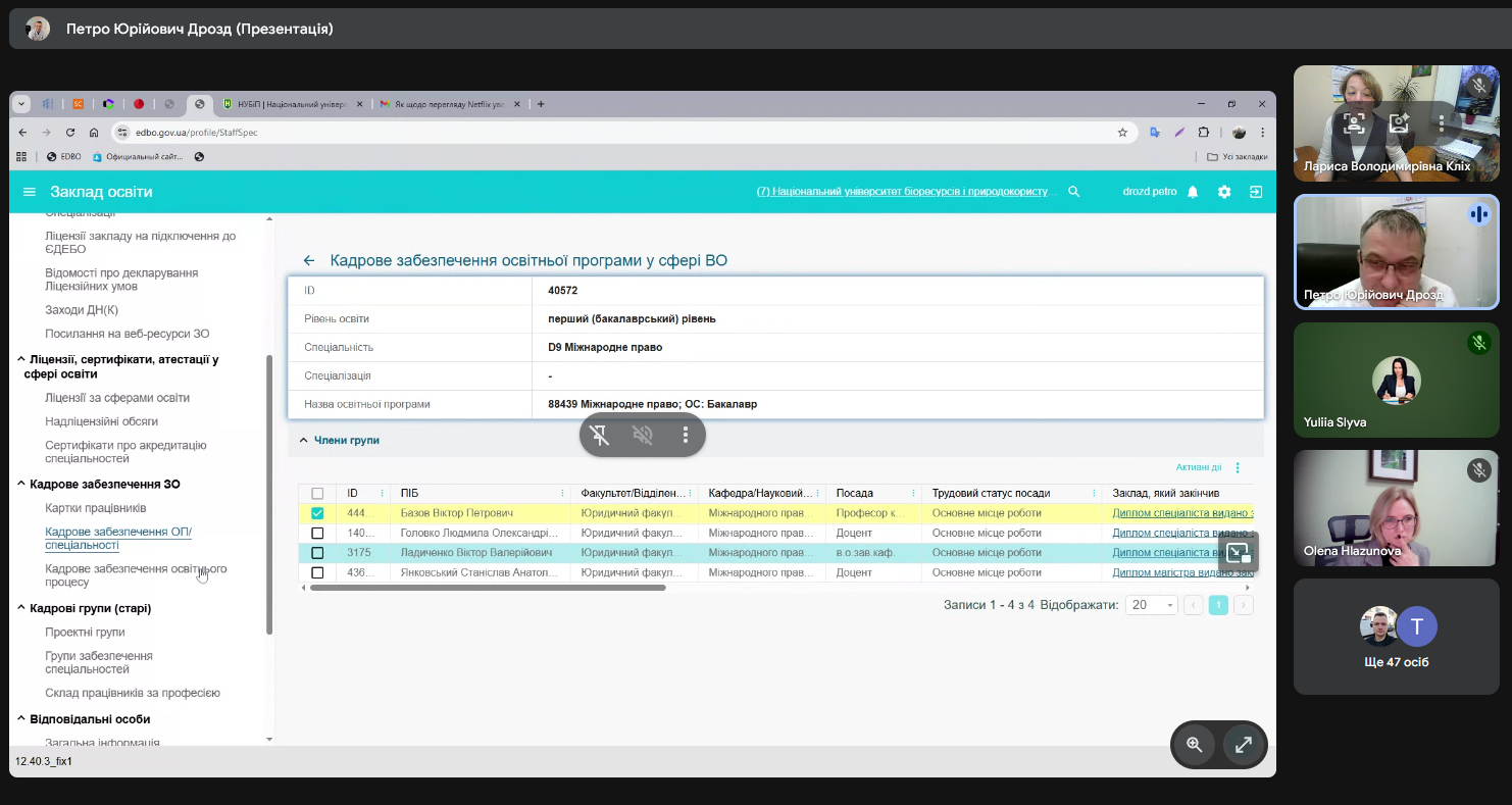 Заступник начальника навчального відділу Олена КОЛЕСНІКОВА акцентувала увагу присутніх на кадровому потенціалі групи забезпечення освітніх програм. Особливу увагу приділено виконанню ліцензійних умов науково-педагогічними працівниками, які забезпечують викладання обов’язкових освітніх компонентів. Перевірка їх професійних досягнень — публікацій, стажування, підручників та навчальних посібників є критичною точкою такої підготовки.
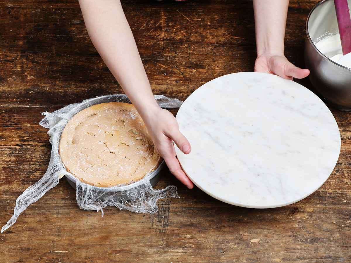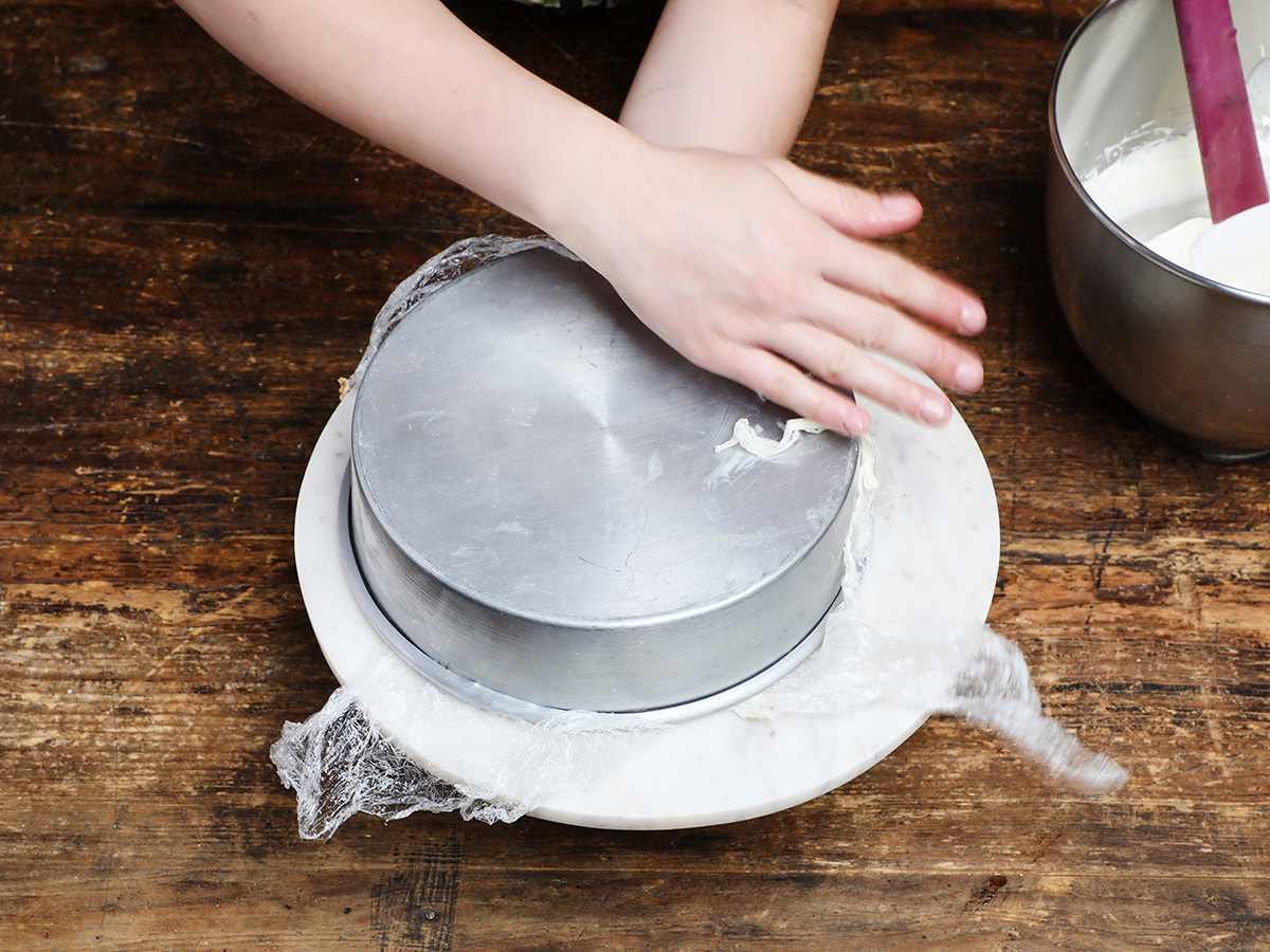 Line the cooled cake pan with plastic wrap. You’re going to place the cake back in the pan and then cover, so be sure you leave enough wrap on the sides to do so.
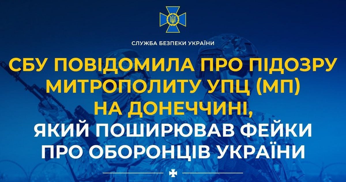 СБУ сообщила о подозрении митрополиту УПЦ МП в Донецкой области за фейки о защитниках Украины. ФОТО
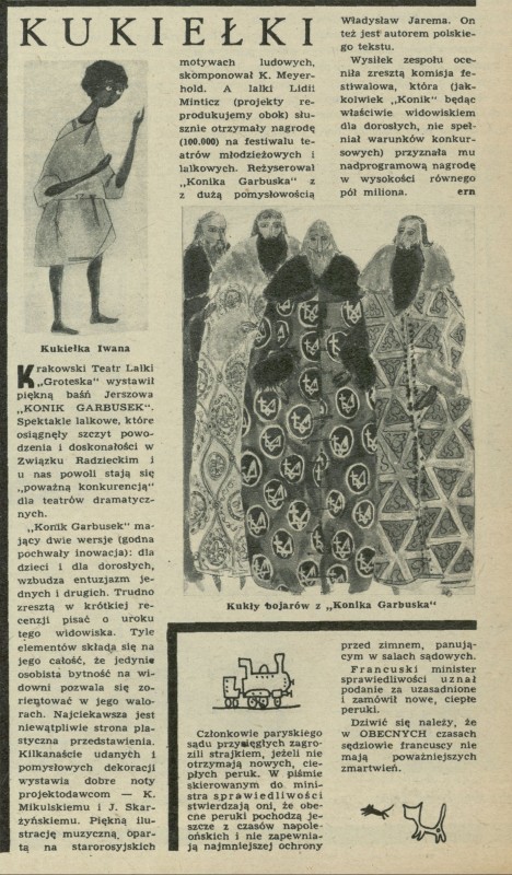 Archiwum / Kultura nr 262 (16/1950) 02/12 Podziel się Tytuł Kukiełki Kategoria Kultura Artykuł z numeru 262 (16/1950) Data wydania 16 kwietnia 1950 Tagi Krakowski Teatr Lalki Jarema Meyerhold

*Assignment:*
Images should not appear in the copy; retype the listing above exactly.

*Written solution:*
 Заступник начальника навчального відділу Олена КОЛЕСНІКОВА акцентувала увагу присутніх на кадровому потенціалі групи забезпечення освітніх програм. Особливу увагу приділено виконанню ліцензійних умов науково-педагогічними працівниками, які забезпечують викладання обов’язкових освітніх компонентів. Перевірка їх професійних досягнень — публікацій, стажування, підручників та навчальних посібників є критичною точкою такої підготовки.
 Line the cooled cake pan with plastic wrap. You’re going to place the cake back in the pan and then cover, so be sure you leave enough wrap on the sides to do so.
 СБУ сообщила о подозрении митрополиту УПЦ МП в Донецкой области за фейки о защитниках Украины. ФОТО
 Archiwum / Kultura nr 262 (16/1950) 02/12 Podziel się Tytuł Kukiełki Kategoria Kultura Artykuł z numeru 262 (16/1950) Data wydania 16 kwietnia 1950 Tagi Krakowski Teatr Lalki Jarema Meyerhold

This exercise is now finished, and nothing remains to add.